Mapes knew his team wanted to keep the company intact. It experienced strong double-digit sales increases from the previous year, as well as a substantial increase in profitability.
“We had a strong rebuilding of our reputation among our past customers” Mapes said of Primadata’s recent success. And those aspects of the business were poised to grow further. Mapes teamed up with Steve Hurning, the company’s chief financial officer, and production manager Justin Barber, who’d been with Primadata for seven years.
Mapes admits the three partners had little due diligence to scrutinize. The team already ran the 20-employee business on their own for the past two years, and were familiar with the clients, the equipment and the company’s debt service and financial position.
The bit of diligence they did conduct was to work with an attorney to draft a partnership agreement among the three co-workers and to set up a buy-sell agreement with the sellers. Fortunately for the benefit of the entire transaction, the sellers were willing to finance the deal for five years at terms all parties found fair.
“We put this together much quicker that way. It would have taken much more time if we had to seek other means of financing,” Mapes said. “They wanted to put us in a position to be as successful as possible. They want us to be able to repay the note, and they want us to be sustainable for the long term.”

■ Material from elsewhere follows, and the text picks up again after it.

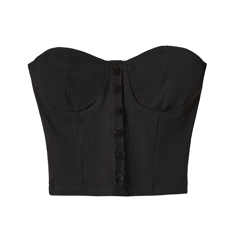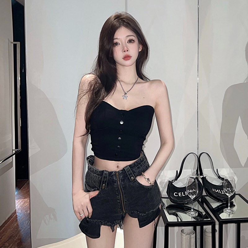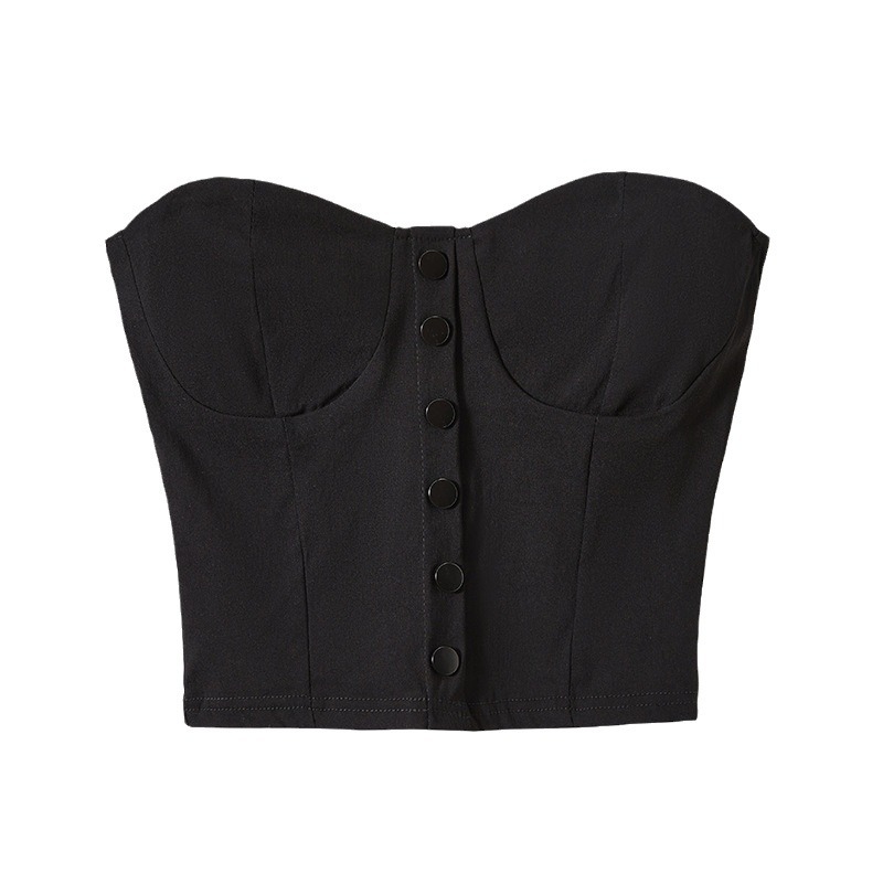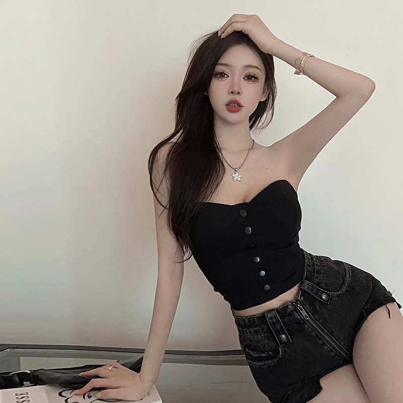 网红性感裹胸上衣女收腰一字领露肩显胸性感紧身黑色抹胸短款背心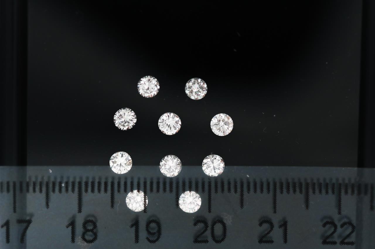 A loose parcel of 10 round brilliant cut Diamonds totalling 1.75cts (Estimated grading: H-J SI-P1; 3.3-3.5mm). (New)

Ultimately, the acquisition – which consummated in December – was about as ideal of a process as could be transacted. Mapes attributed the successful transaction to the high level of comfort and substantial trust among the three buying partners and the seller. Looking ahead into the first few months of new ownership, Mapes emphasized effort will be placed on communicating to employees, customers and vendors that not much will change from the manner in which business has been conducted in the past.